Sheraton v Director-General, Department of Justice and Attorney-General [2020] QCAT 431
Date: 9 November 2020
Tribunal: Queensland Civil and Administrative Tribunal
Tribunal Member: Member McDonnell
Human Rights Act 2019 (Qld) Sections: ss 13, 26(2), 31, 34, 48, 58
Rights Considered: Right to a fair hearing; Right not to be tried or punished more than once; Right to protection of families and children
Other Legislation: Queensland Civil and Administrative Tribunal Act 2009 (Qld), ss 19, 20, 24; Working with Children (Risk Management and Screening) Act 2000 (Qld), ss 5, 6, 221, 226, 360, 580, Schedule 7
Keywords: Education, training and employment: Blue card
This case concerned an application for review of the respondent’s decision to issue a negative blue card notice to the applicant, Sheraton. The Tribunal considered the applicant’s right to a fair hearing (section 31), the right not to be tried or punished more than once (section 34) and the rights of children (section 26(2)) under the Human Rights Act 2019 (Qld). The Tribunal confirmed the respondent’s decision and was satisfied that its decision was compatible with these human rights.
This case concerned an application for review of the respondent’s decision to issue a negative blue card notice to the applicant, Sheraton, after he was convicted of drug-related offences. None of these offences were ‘serious offences’ or ‘disqualifying offences’ under the Working with Children (Risk Management and Screening) Act 2000 (Qld). Therefore, a positive notice needed to be issued unless the Tribunal was satisfied it was ‘an exceptional case, in which it would not be in the best interests of children for a working with children clearance to be issued’: at [10].

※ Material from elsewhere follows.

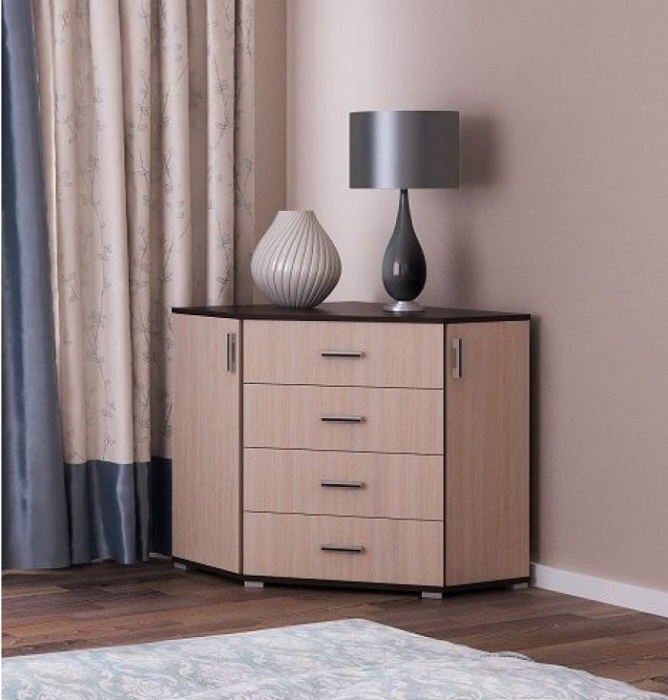 Если комната остро нуждается в дополнительных местах для хранения, вы вполне можете заполнить угол небольшим комодом. Для того, чтобы он играл не только практичную, но и эстетическую роль, подбирайте вариант с оригинальным дизайном. Либо, если спальня оформлена в нейтральных оттенках, купите яркий комод, который идеально впишется в имеющуюся обстановку и станет акцентом в интерьере.

The Tribunal noted that it was acting in an administrative capacity and was consequently a ‘public entity’ for the purposes of the Human Rights Act 2019 (Qld): at [63]. As a public entity, the Tribunal was required to give proper consideration to human rights under sections 48 and 58 of the Human Right Act 2019 (Qld). In conducting its review, the Tribunal had regard to the applicant’s right to a fair hearing (section 31) and right not to be tried or punished more than once (section 34), as well as the right of every child to ‘the protection that is needed by the child, and is in the child’s bests interests, because of being a child’: at [67].

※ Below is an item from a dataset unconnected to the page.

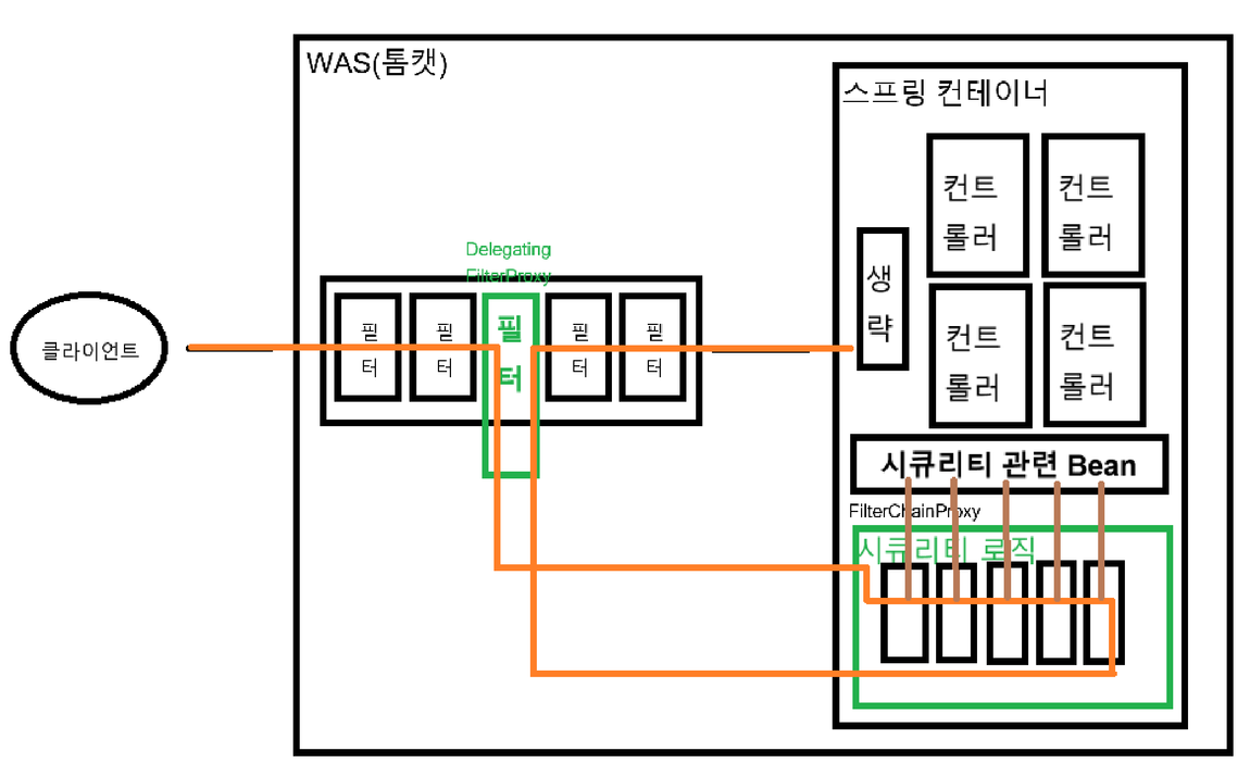 - 해당 요청은 스프링 컨테이너 내부에 구현되어 있는 스프링 시큐리티 감시 로직을 거친다

The Tribunal ultimately found it was an exceptional case in which it would not be in the best interests of children for a blue card to be issued to Sheraton, and confirmed the respondent’s decision. Key factors in this decision were the applicant’s apparent lack of insight into his behaviour, his ‘poor choices’ and his attitude towards cannabis use: at [54], [56] and [60]. The Tribunal acknowledged that possession of insight is an ‘important protective factor’ as children ‘are entirely dependent on the adults around them having insight into their actions and the likely effect on children’: at [54]. It was noted that other protective factors such as a supportive family and genuine desire to continue his studies had not prevented the applicant from continued cannabis use and offending behaviour in the past: at [62].
The Tribunal was satisfied that this determination was compatible with human rights, and to the extent that there were any limitations on those rights, the limitations were reasonable and justifiable in accordance with section 13 of the Human Rights Act 2019 (Qld): at [67].